Monday, August 24, 2015

Remembering Katrina Ten Years Later

My family and I lived in New Orleans for four years (1989-93) and made many friends there, so when the images of citywide flooding began to air and the world saw the extent of Katrina’s devastation, I tried to contact friends and colleagues and quickly discovered that the links were down and there was no access to phones or emails. Over the next few days and weeks, my friends’ personal stories slowly emerged. Most of them had evacuated and were living safely in other cities, including Austin. But in the ten years since, I have not located or communicated with four or five of them and wonder where they are. I assume – and hope – they are among the 100,000 New Orleans citizens who have not returned to the city and now live elsewhere.

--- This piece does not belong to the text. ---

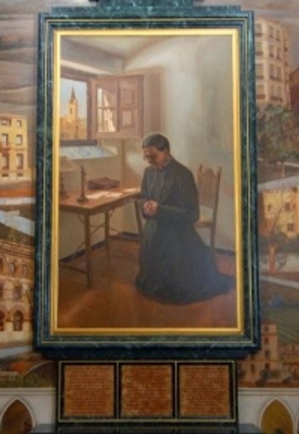 Para cumprir a missão que Deus lhe encomendava, São Josemaria prosseguiu seu trabalho sacerdotal nos bairros mais pobres e entre os doentes dos hospitais de Madri, e foi confiada e assiduamente à proteção da Santíssima Virgem, Mãe de Deus e Mãe nossa. São Josemaria rezou também, em muitas ocasiões, ante a sagrada imagem que preside o retábulo desta Paróquia. LAUS DEO VIRGINIQUE MATRI!

Over the next three months, in the fall 2005, as I searched and worried and read every article and blog about New Orleans I could get my hands on and surfed the web for videos of what the city had endured, a story began to take shape in my head. It was the story of an older man from southwest Louisiana who trucks his fishing boat to the submerged city, only hours after Katrina makes landfall, to search for his children and grandchildren. That was the germ of Many Rivers to Cross, and the story eventually became a vivid obsession. 

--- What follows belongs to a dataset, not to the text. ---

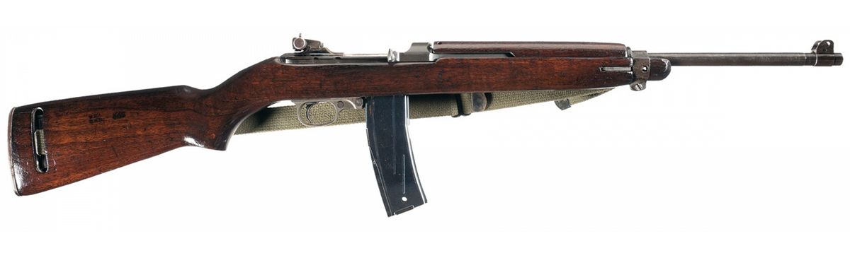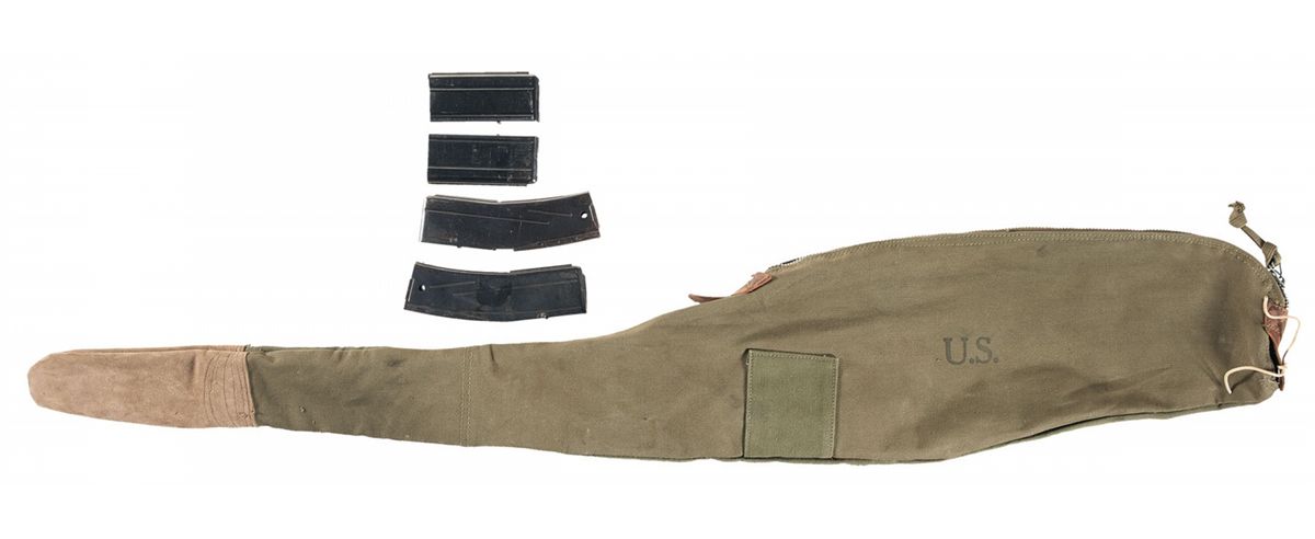 This is a late WWII M1 Carbine as manufactured by Winchester that was subsequently converted to the fully automatic M2 configuration. This carbine was originally produced in late 1944/early 1945 and still retains some of the early WWII parts. It has the standard Winchester M1 Carbine receiver markings with the original Winchester barrel, Winchester marked stock, and type II barrel band. It has a later "SA" marked M2 trigger housing with "INLAND" mark on the side, round bolt and M2 hammer, with the stock being field modified for use with the M2 components. The selector switch is properly marked with a single "A", on the side, with the sear trip lever marked "TM". This carbine is complete with a reproduction green canvas carrying bag and four extra magazines.

It also evolved.  In the beginning, I imagined the boat’s pilot as a retired white minister who had adopted several children when he and his wife were young and active in their church. Once he reaches the city, he motors toward a household of his now-adult children – both African American and white – who are all stranded on a rooftop and desperate for help. 



It was an idealistic scenario and had its merits, but I soon took a hard look at the Katrina tragedy and came to the only conclusion an observant writer could arrive at: New Orleans was nearly 60 percent African American; far more than 60 percent of the dead and displaced were African American and poor; and if I wanted to capture the essence of that tragedy, I would have to write the story from an African American point of view.

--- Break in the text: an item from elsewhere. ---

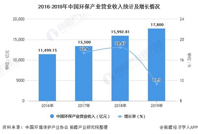 盡管受到2018年產(chǎn)業(yè)發(fā)展流動性危機(jī)余波及中美貿(mào)易摩擦的影響,2019年一些環(huán)保企業(yè)依然面臨著經(jīng)營危機(jī),但總體來看,2019年環(huán)保產(chǎn)業(yè)整體發(fā)展態(tài)勢趨好,持續(xù)保持了較快發(fā)展。據(jù)中國環(huán)境保護(hù)產(chǎn)業(yè)協(xié)會測算數(shù)據(jù),2019年全國環(huán)保產(chǎn)業(yè)營業(yè)收入約17800億元,較2018年增長約11.3%。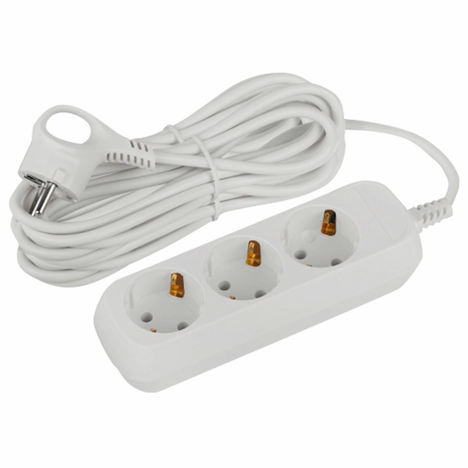 Сетевой удлинитель в пластиковом корпусе оснащен 3 розетками с заземлением. Корпус выполнен из негорючего пластика. Толщина жил кабеля – 3x1 мм, длина кабеля – 7 м, номинальное напряжение – 220 Вт, максимальный ток нагрузки – 16 А, суммарная мощность нагрузки – 3500 Вт.

I knew that wouldn’t be easy. It became my greatest challenge in the 30 years I’d been publishing fiction. So I stepped up to the plate and took a few practice swings.

I first had to inform myself about every detail of the natural part of the natural disaster – the rain and wind damage and the broken levees – and of course the terrible suffering and death. A friend gave me a water-depth chart that indicated how deep the water was in different neighborhoods at various hours of the first few days and longer. I scoured internet sources for incidents that had been reported in parts of the city – Lakeview, Gentilly, Mid City, the Lower Ninth Ward, downtown, St. Charles Avenue, the Garden District, the Irish Channel, the French Quarter, the Superdome, and Morial Convention Center.

I had to plan a boat route for my African American father/grandfather. Fortunately, I had maps of the city dating back to the early 1960s, before Interstate 10 was completed. I sat down and charted the quickest possible path from the suburbs to his daughter and her two children in their flooding Gentilly home. And I began to imagine the myriad of obstacles, both human and waterborne, along the way.

In early 2006, five or six months after Katrina, I decided that I had to go to New Orleans in person, check on friends, and see the city for myself. My son, Danny, was a high school junior at the time, and he accompanied me as I drove through the mostly abandoned streets, following what would become Hodge’s route in his fishing boat. I still have the small notebook in which Danny kept notes as I navigated from Lakeview through City Park and into Gentilly, even circling the empty Orleans Parish Prison several times to understand how prisoners might have escaped drowning by climbing the fences. On our journey, I would point out details – water lines on buildings, downed trees and power lines, abandoned cars, wrecked homes, wandering dogs – and Danny would record those things and add observations of his own. 

There were long stretches of time when we didn’t see a soul on the street in large areas of town. At one point, the only person we encountered was a boy about seven years old, standing in the middle of the street, no adults in sight. He scowled at us and threw a rock at the car.  I understood his message:  “Don’t be vacationing in my misery.”

We met my old Stanford friend Don Paul in the Lower Ninth Ward. Don had come to New Orleans to help with disaster relief, and he would stay on. He lives there today, writing and performing poetry and fighting the good fight. He showed Danny and me the annihilation of the Lower Nine. Homes that had floated off their foundations, empty lots where homes had disappeared, homes that had been ruined by the destructive force of water, including one in which the refrigerator had floated into the living room and the walls were pulling away from the ceiling.



Ten years later, I haven’t forgotten what I saw. And neither has Danny. That visit would solidify in my mind the visceral, haunting details of Katrina’s wrath that reading an article or book could never have given me. 

I returned home and continued my research, pursuing every sentence and strip of film about Katrina and New Orleans after the flood. And then one day I realized I knew enough to begin. It was time to stop outlining and start writing. So I sat down at my keyboard, took a deep breath, and swung for the fence.

~Thomas Zigal, author of Many Rivers to Cross

3 comments:

Tom Huckabee said...

Well done, Tom

Rod said...

Really an impressive work, Tom.

judyalter said...

Almost as heart-wrenching as the book, Tom. Good job.